We’re continuing to experience slowness and intermittent downtime for the websites hosted on Topaz. At this time, the priorities for the IT and Topaz teams are to improve stability of the Topaz applications and increase the performance of the web sites.

The IT and Topaz teams are digging through many system files, configuration settings and code to improve the situation but it may take one or two weeks before we overcome the performance issues. Please bear with us as during this time as we make additional tweaks/upgrades to improve performance.

Hopefully we’ll address these issues quickly so that our users can enjoy the journal websites.

Discussion
  1. How about offering direct links from TOC to frequently downloaded links?

    This would potentially reduce load on your servers and be a convenience for users.

    For my purposes these links would be those to pdf and to the citation but an analysis of your download patterns would tell you if this is a high-traffic route or not.

    Of course it may be the case that most people just read articles in html in which case your current links are sufficient.

    Bill

  2. We’ve found that simple search is impacting the performance of the journal sites. We have disabled both simple and advanced search and redirecting all search requests to our favorite 503 “site maintenance” page. We’re going to dig into the code and see why search queries are taking so long to return data.

    We’ve gone to DefCon 5 at PLoS to resolve the performance issues. It’s time to lock everybody into a conference room, order a bunch of pizza and fix every performance problem on the websites.

  3. We’ve had a good day of investigation and will apply patches to the production servers tomorrow. We now have a third pubApp instance behind our firewall that will share its cache with the other pubApps. This will help performance significantly as the pubApp cache will no longer need to be re-filled on restart (usually takes a few hours).

    We’ve uncovered other issues today and will continue digging into the belly of the beast. I expect to have more patches to increase stability/performance in place shortly. Search will be down for ~week while we sort through higher priorities.

  4. The sites have been more stable with the additional server seeding the pubApp caches. We were able to ingest articles today without taking the sites down and have had only 15 minutes of restart/downtime today (don’t mention that there are still 6.5 hours left in the day).

    Russ applied a few patches but rather than solving problems, they uncovered more mysteries. But we now have a way to clear a single article cache without clearing all caches. Previously we would have had to clear the cache for all articles to re-ingest an article. This will be a significant help performance as we only need to clear a small number of caches rather than hundreds (which would take hours to re-fill).

    More tomorrow….

  5. We had a “cascade event” ~5:45am which backed up Mulgara. This event happens when a query pulls so much data from Mulgara that all other queries are waiting for it to finish. This happens infrequently and depending on site traffic, Mulgara is able to gracefully handle the back log of requests. But this morning, Mulgara was unable to clear out the queue. This query is hard to track down (the saying “needle in a haystack” is appropriate) and we’ve upped the logging levels to trace all queries sent to Mulgara.

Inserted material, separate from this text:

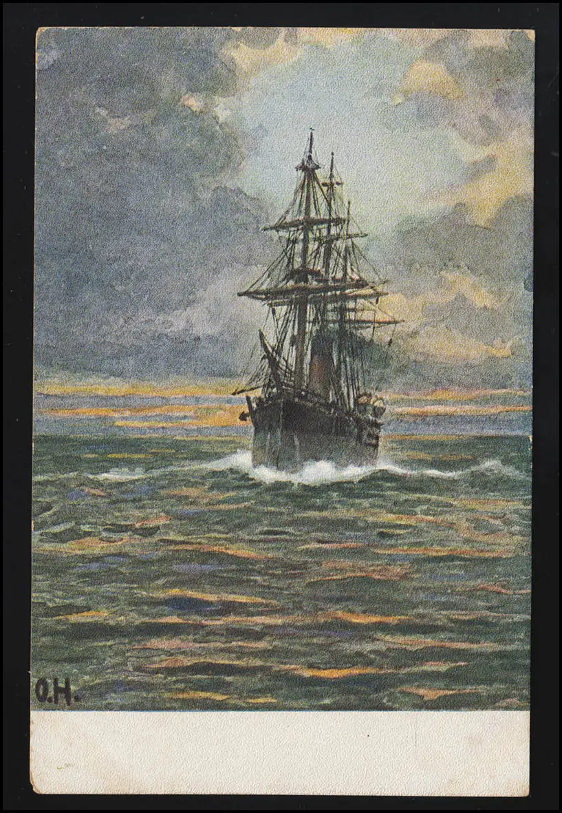 Navigation Fregatte Voilier trois-masters, artiste signé O.H., non utilisé

    Unfortunately, we also had a human error this morning. When I restarted the applications after the cascade event, a new article XSL file caused articles to throw errors trying to parse the article XML. Articles were serving “page not found” which resulted in more cascade events until I could revert the XSL file. We tested the XSL file on dev/stage without an error so something else must have snuck into the release.

    Now that the XSL file is fixed, the sites are purring. We’ve also identified another cache fix that will significantly help performance and a patch should be up today.

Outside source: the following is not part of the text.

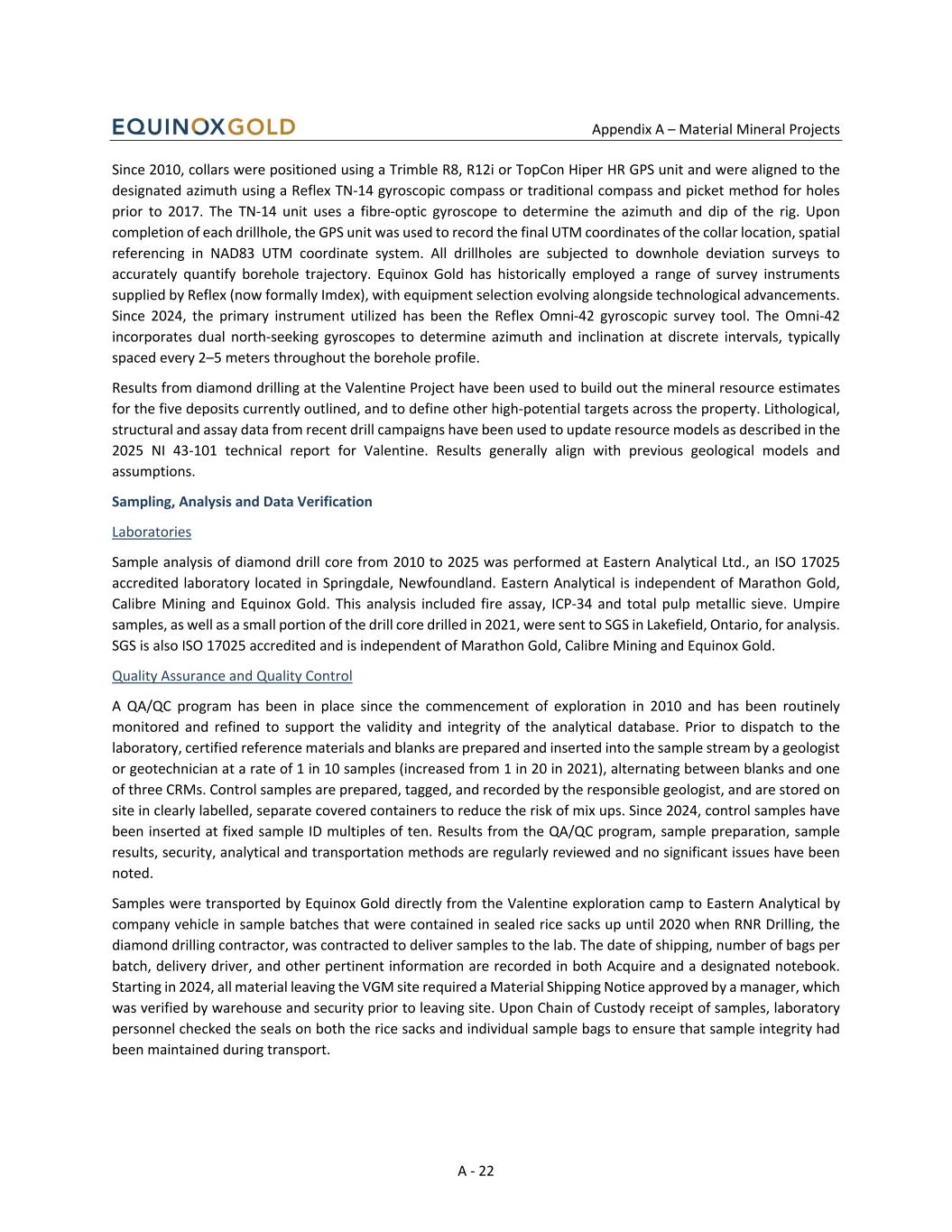 Appendix A – Material Mineral Projects A - 22 Since 2010, collars were positioned using a Trimble R8, R12i or TopCon Hiper HR GPS unit and were aligned to the designated azimuth using a Reflex TN-14 gyroscopic compass or traditional compass and picket method for holes prior to 2017. The TN-14 unit uses a fibre-optic gyroscope to determine the azimuth and dip of the rig. Upon completion of each drillhole, the GPS unit was used to record the final UTM coordinates of the collar location, spatial referencing in NAD83 UTM coordinate system. All drillholes are subjected to downhole deviation surveys to accurately quantify borehole trajectory. Equinox Gold has historically employed a range of survey instruments supplied by Reflex (now formally Imdex), with equipment selection evolving alongside technological advancements. Since 2024, the primary instrument utilized has been the Reflex Omni-42 gyroscopic survey tool. The Omni-42 incorporates dual north-seeking gyroscopes to determine azimuth and inclination at discrete intervals, typically spaced every 2–5 meters throughout the borehole profile. Results from diamond drilling at the Valentine Project have been used to build out the mineral resource estimates for the five deposits currently outlined, and to define other high-potential targets across the property. Lithological, structural and assay data from recent drill campaigns have been used to update resource models as described in the 2025 NI 43-101 technical report for Valentine. Results generally align with previous geological models and assumptions. Sampling, Analysis and Data Verification Laboratories Sample analysis of diamond drill core from 2010 to 2025 was performed at Eastern Analytical Ltd., an ISO 17025 accredited laboratory located in Springdale, Newfoundland. Eastern Analytical is independent of Marathon Gold, Calibre Mining and Equinox Gold. This analysis included fire assay, ICP-34 and total pulp metallic sieve. Umpire samples, as well as a small portion of the drill core drilled in 2021, were sent to SGS in Lakefield, Ontario, for analysis. SGS is also ISO 17025 accredited and is independent of Marathon Gold, Calibre Mining and Equinox Gold. Quality Assurance and Quality Control A QA/QC program has been in place since the commencement of exploration in 2010 and has been routinely monitored and refined to support the validity and integrity of the analytical database. Prior to dispatch to the laboratory, certified reference materials and blanks are prepared and inserted into the sample stream by a geologist or geotechnician at a rate of 1 in 10 samples (increased from 1 in 20 in 2021), alternating between blanks and one of three CRMs. Control samples are prepared, tagged, and recorded by the responsible geologist, and are stored on site in clearly labelled, separate covered containers to reduce the risk of mix ups. Since 2024, control samples have been inserted at fixed sample ID multiples of ten. Results from the QA/QC program, sample preparation, sample results, security, analytical and transportation methods are regularly reviewed and no significant issues have been noted. Samples were transported by Equinox Gold directly from the Valentine exploration camp to Eastern Analytical by company vehicle in sample batches that were contained in sealed rice sacks up until 2020 when RNR Drilling, the diamond drilling contractor, was contracted to deliver samples to the lab. The date of shipping, number of bags per batch, delivery driver, and other pertinent information are recorded in both Acquire and a designated notebook. Starting in 2024, all material leaving the VGM site required a Material Shipping Notice approved by a manager, which was verified by warehouse and security prior to leaving site. Upon Chain of Custody receipt of samples, laboratory personnel checked the seals on both the rice sacks and individual sample bags to ensure that sample integrity had been maintained during transport.

  6. Since this morning’s events, the sites have been performing great. Russ applied patches to resolve this morning’s XSL issue and to disable an article cache flush. We realized that all cache keys for images were being removed if a user added a note or rating to an article. These actions shouldn’t affect the static article images, so the flush of this cache was disabled. There are now over 10k images in this cache (affectionately know as SPCF), which will improve performance.

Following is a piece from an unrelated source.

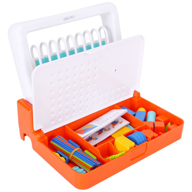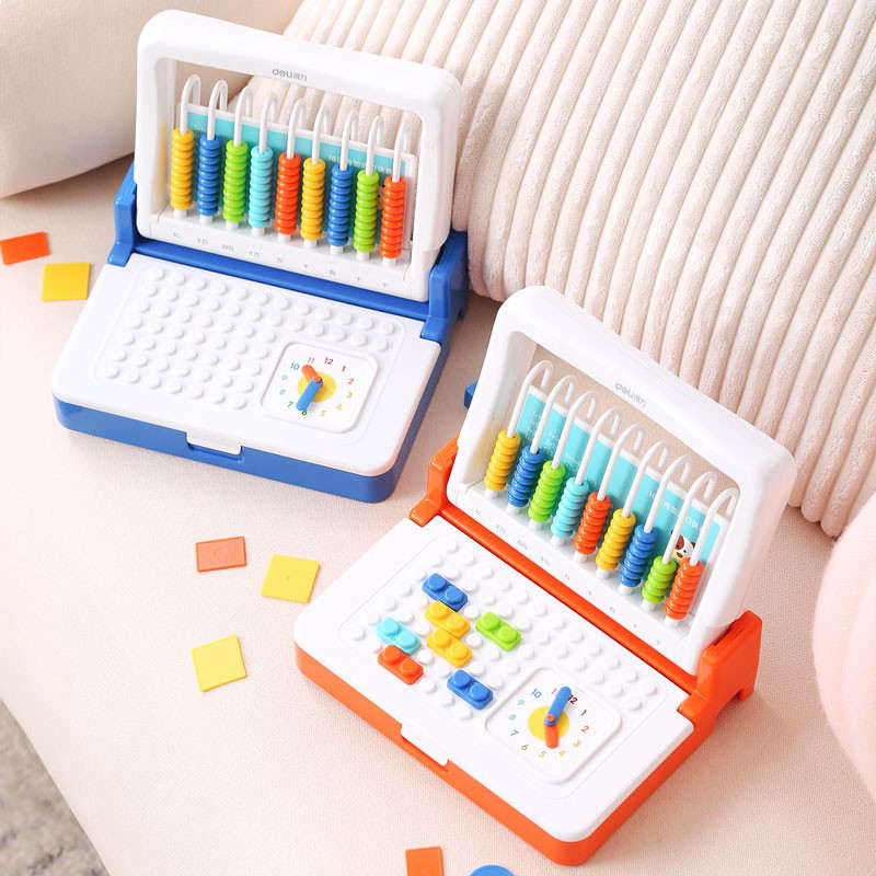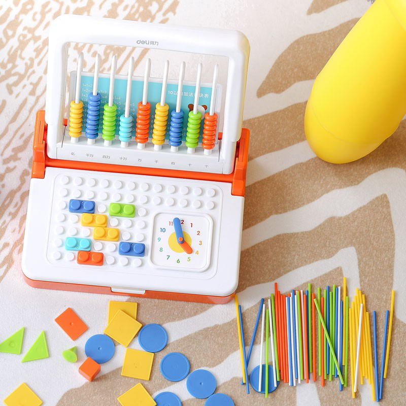 得力(deli)9行儿童学具盒 学生数学计数器多功能计算算术架 橙色74318

    After enabling detailed logging of queries to Mulgara, we haven’t had a query hang retrieving data (go figure). I’ve found a few queries that are taking a long time to retrieve data and will continue digging through the logs. We ingested articles throughout the afternoon without any disturbance to the Topaz force. We’ll (hopefully) cut a new release next week with a more updates to cache and we will re-enable search.

    This has been a painful week for PLoS, authors, the communities of PLoS Computational Biology, PLoS Genetics and PLoS Pathogens, and users of the sites. We’ve slept little but have learned a LOT in the past week. We’re closing in on the last bit of issues and should have a much more stable platform soon.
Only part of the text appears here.